| Problem to work on |
The listing below holds a line with "图1. 可生物正交贻贝灵感多肽模拟物的分子结构及其应用于血管支架的表面改性。" and a later line with "Olieverf op paneel-gesigneerd.". Write out those two lines and every line between them, exactly, and nothing else.

| Material for this exercise |
◇ ◇ ◇
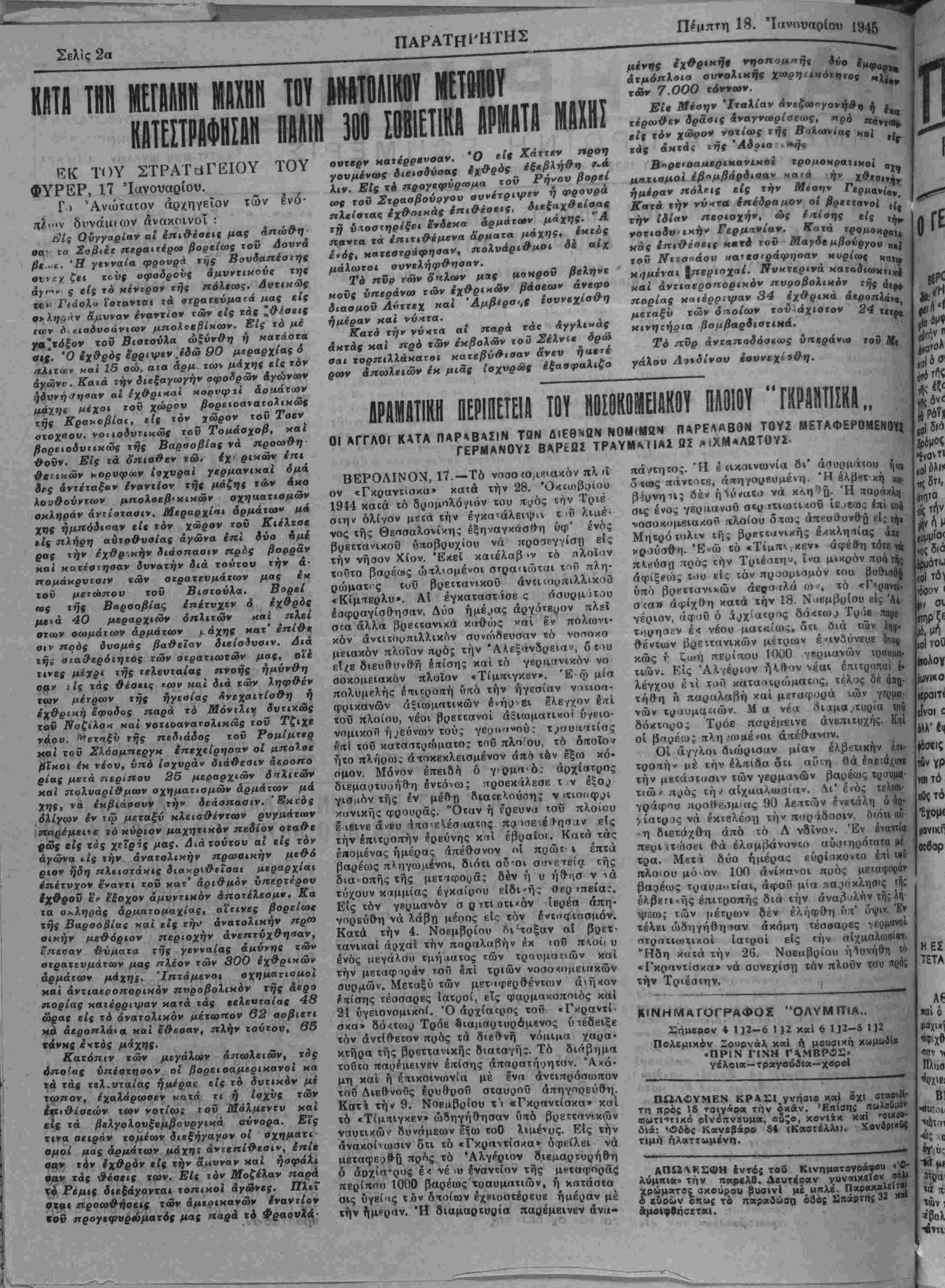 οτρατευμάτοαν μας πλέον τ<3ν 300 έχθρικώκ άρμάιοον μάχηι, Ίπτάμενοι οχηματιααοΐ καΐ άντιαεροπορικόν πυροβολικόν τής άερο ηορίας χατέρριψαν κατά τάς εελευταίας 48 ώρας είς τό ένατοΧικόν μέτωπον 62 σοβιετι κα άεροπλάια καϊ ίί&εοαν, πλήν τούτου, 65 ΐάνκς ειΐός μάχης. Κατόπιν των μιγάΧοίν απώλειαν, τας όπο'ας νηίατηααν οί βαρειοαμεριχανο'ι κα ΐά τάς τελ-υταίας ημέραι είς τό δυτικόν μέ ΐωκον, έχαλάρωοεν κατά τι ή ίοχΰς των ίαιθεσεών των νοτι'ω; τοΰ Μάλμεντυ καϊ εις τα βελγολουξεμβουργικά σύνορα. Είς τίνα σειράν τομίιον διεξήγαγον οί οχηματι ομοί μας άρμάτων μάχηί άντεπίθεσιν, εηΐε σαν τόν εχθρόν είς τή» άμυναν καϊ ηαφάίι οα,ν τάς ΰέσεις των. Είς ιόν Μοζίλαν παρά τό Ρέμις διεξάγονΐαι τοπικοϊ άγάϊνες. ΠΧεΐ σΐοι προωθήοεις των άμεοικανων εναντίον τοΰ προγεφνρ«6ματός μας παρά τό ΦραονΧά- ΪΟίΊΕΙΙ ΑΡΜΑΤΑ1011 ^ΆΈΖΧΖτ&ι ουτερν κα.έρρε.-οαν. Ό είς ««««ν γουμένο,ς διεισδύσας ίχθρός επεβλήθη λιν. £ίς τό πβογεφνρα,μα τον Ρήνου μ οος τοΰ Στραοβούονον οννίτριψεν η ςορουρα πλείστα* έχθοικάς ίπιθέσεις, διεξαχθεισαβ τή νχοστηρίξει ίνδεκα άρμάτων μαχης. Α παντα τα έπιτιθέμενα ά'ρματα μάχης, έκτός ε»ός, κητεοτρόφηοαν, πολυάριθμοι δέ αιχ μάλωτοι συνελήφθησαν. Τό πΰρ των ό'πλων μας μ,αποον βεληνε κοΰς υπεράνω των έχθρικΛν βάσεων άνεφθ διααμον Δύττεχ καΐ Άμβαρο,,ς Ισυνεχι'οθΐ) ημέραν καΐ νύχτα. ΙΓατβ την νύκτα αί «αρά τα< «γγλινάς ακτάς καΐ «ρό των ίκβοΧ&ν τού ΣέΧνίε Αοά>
◇ ◇ ◇
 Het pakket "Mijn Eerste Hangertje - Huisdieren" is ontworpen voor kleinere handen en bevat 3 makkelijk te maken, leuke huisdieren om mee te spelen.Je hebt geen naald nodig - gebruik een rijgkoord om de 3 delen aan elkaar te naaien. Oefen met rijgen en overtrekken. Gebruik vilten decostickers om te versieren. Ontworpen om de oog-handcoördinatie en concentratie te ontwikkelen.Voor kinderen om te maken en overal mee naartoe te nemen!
◇ ◇ ◇
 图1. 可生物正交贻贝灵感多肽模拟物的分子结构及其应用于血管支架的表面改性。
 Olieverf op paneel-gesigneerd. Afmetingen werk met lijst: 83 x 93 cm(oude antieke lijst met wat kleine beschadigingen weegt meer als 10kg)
◇ ◇ ◇
| Solution to this task |
 图1. 可生物正交贻贝灵感多肽模拟物的分子结构及其应用于血管支架的表面改性。
 Olieverf op paneel-gesigneerd. Afmetingen werk met lijst: 83 x 93 cm(oude antieke lijst met wat kleine beschadigingen weegt meer als 10kg)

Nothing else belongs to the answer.